**Aim of the task:**
Beginning with the line that contains "O vestido branco" and ending with the line that contains "[로컬세계 박세환 기자]대구", reproduce the lines of the entries below exactly, omitting pictures.

**Task input:**
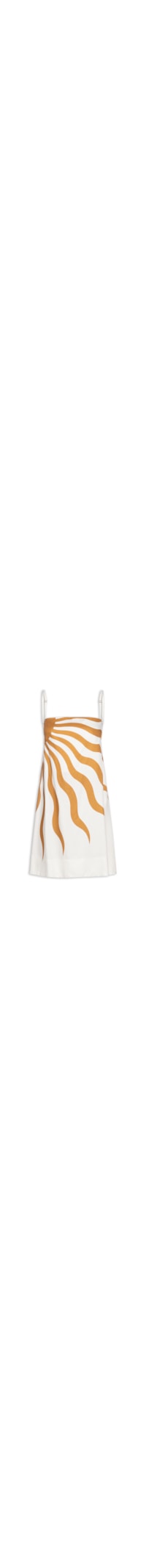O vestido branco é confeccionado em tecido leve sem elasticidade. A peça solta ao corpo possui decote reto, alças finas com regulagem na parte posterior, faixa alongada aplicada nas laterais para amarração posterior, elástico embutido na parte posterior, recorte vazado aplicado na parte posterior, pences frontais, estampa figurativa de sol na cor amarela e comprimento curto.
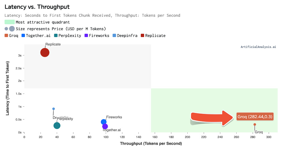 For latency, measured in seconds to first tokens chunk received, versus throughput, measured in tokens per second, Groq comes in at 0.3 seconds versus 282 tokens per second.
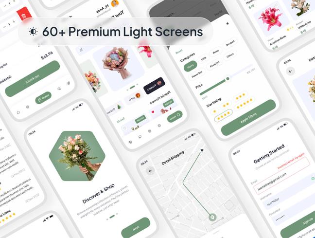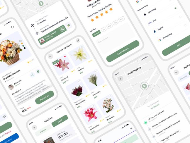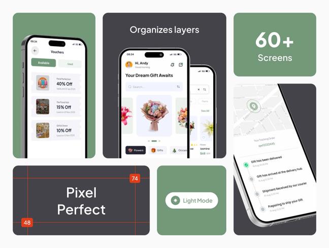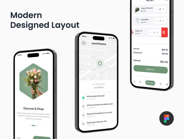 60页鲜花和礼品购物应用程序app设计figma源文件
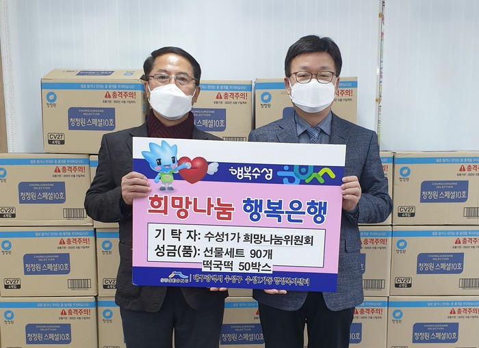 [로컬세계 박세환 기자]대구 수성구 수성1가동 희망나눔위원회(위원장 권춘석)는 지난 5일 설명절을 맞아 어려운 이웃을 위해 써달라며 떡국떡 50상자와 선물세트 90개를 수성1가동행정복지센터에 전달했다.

...

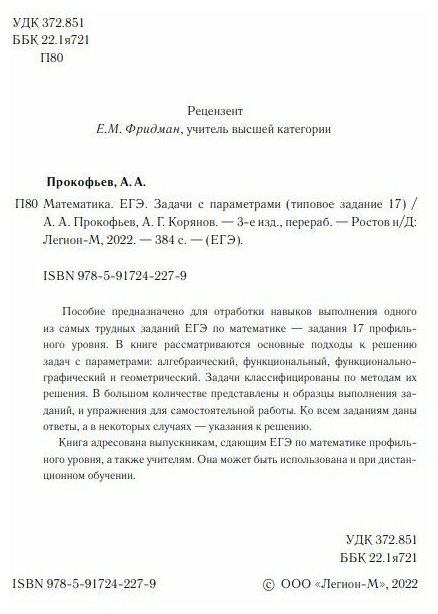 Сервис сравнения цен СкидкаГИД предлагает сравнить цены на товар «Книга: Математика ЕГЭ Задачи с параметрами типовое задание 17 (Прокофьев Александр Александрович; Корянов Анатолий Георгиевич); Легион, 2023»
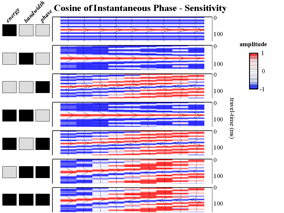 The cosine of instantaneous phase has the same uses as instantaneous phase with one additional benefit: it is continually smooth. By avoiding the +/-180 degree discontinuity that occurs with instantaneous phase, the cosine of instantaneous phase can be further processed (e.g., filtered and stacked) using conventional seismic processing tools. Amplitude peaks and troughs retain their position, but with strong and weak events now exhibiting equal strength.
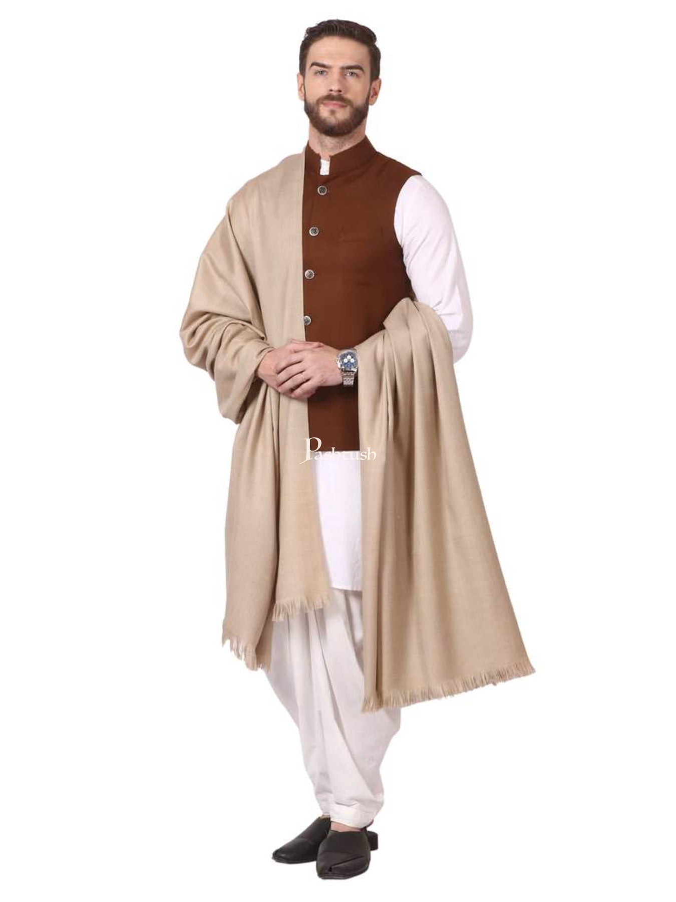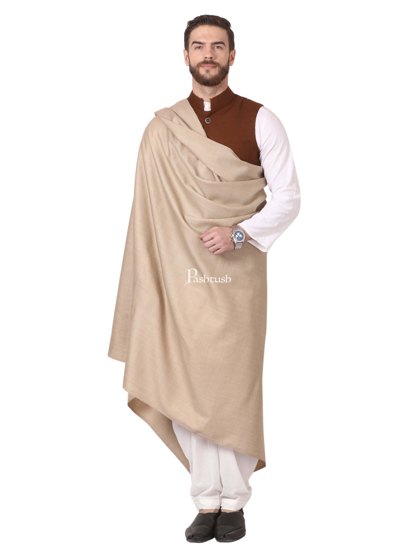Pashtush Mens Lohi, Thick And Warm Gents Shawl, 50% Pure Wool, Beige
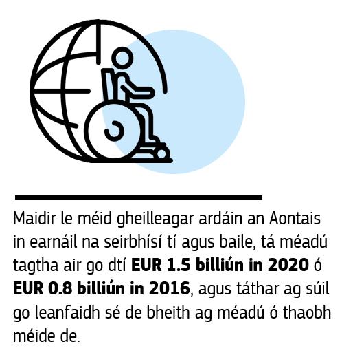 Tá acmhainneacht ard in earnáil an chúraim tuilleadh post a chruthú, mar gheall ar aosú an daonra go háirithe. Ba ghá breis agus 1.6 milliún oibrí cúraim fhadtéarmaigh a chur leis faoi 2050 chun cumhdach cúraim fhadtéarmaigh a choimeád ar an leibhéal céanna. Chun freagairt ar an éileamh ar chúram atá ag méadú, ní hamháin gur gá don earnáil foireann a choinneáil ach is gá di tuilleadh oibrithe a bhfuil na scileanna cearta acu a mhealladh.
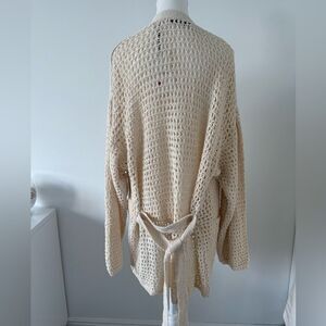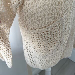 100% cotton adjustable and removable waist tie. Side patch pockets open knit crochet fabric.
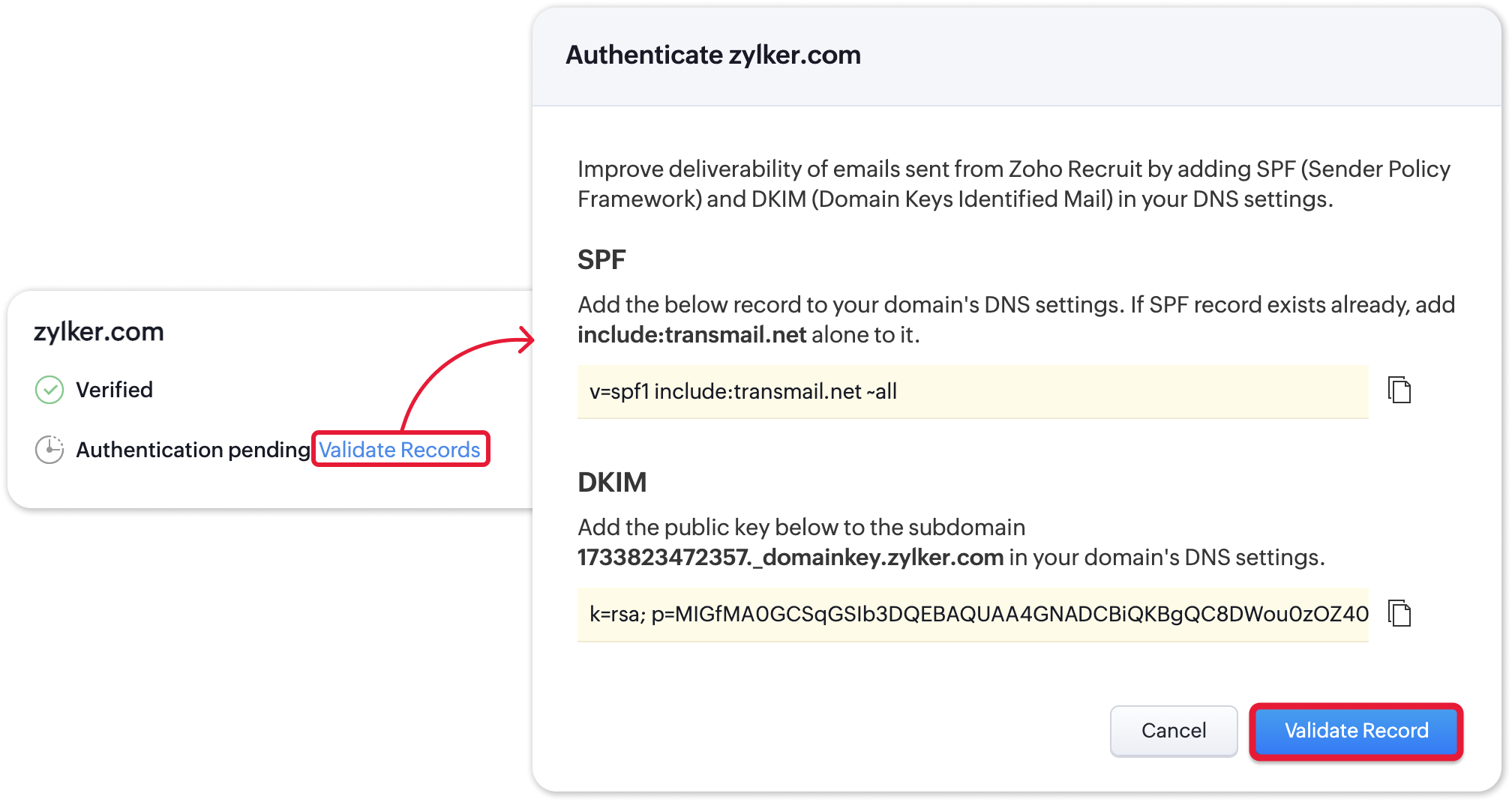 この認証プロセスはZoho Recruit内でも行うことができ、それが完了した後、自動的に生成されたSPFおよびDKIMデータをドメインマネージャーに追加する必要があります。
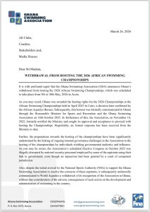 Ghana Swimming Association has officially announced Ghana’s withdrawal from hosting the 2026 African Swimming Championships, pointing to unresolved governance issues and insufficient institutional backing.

--

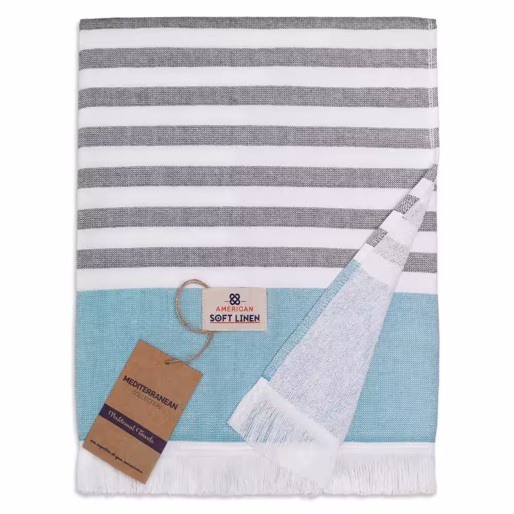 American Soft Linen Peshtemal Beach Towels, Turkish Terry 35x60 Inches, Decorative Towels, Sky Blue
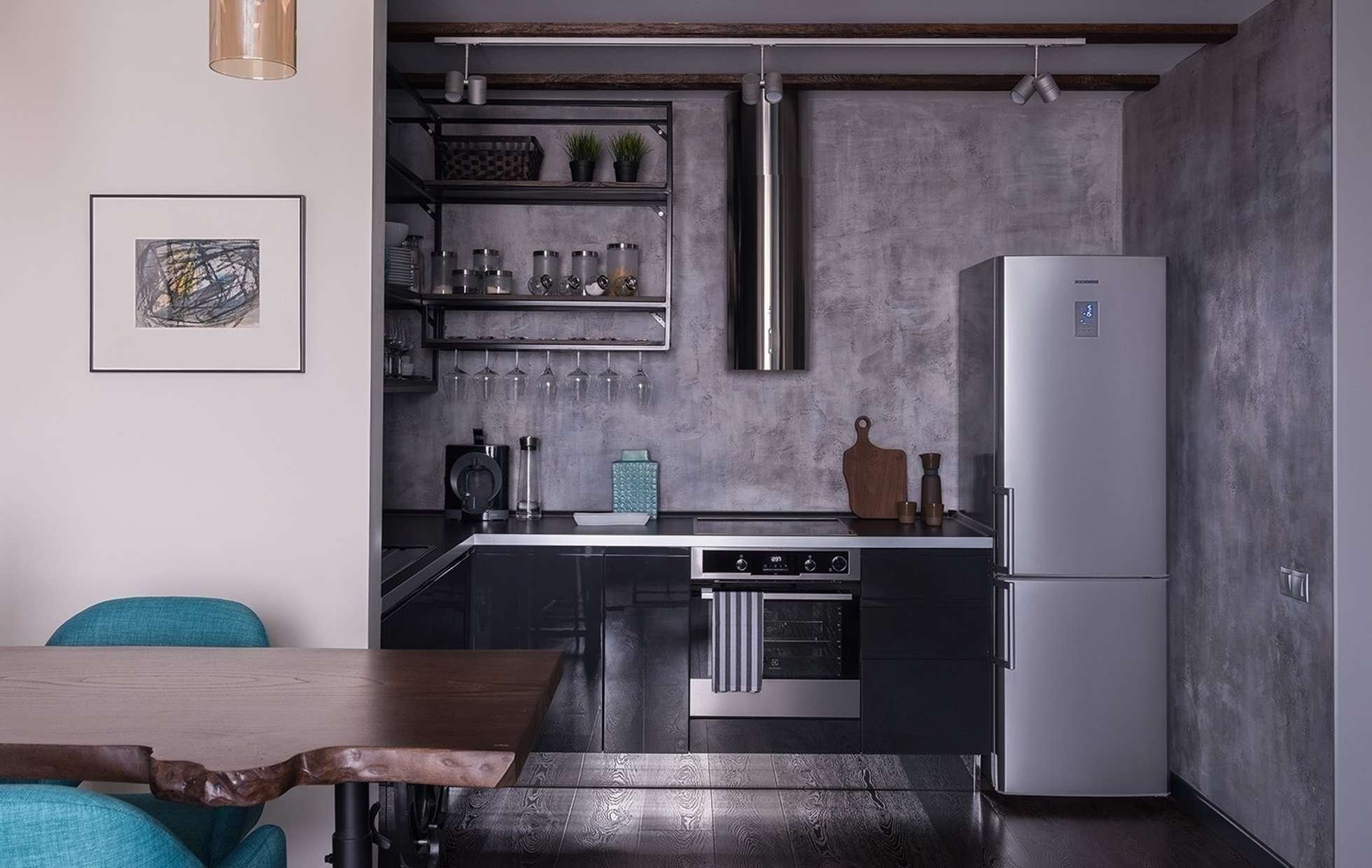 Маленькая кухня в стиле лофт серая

**Exercise response:**
O vestido branco é confeccionado em tecido leve sem elasticidade. A peça solta ao corpo possui decote reto, alças finas com regulagem na parte posterior, faixa alongada aplicada nas laterais para amarração posterior, elástico embutido na parte posterior, recorte vazado aplicado na parte posterior, pences frontais, estampa figurativa de sol na cor amarela e comprimento curto.
 For latency, measured in seconds to first tokens chunk received, versus throughput, measured in tokens per second, Groq comes in at 0.3 seconds versus 282 tokens per second.
 60页鲜花和礼品购物应用程序app设计figma源文件
 [로컬세계 박세환 기자]대구 수성구 수성1가동 희망나눔위원회(위원장 권춘석)는 지난 5일 설명절을 맞아 어려운 이웃을 위해 써달라며 떡국떡 50상자와 선물세트 90개를 수성1가동행정복지센터에 전달했다.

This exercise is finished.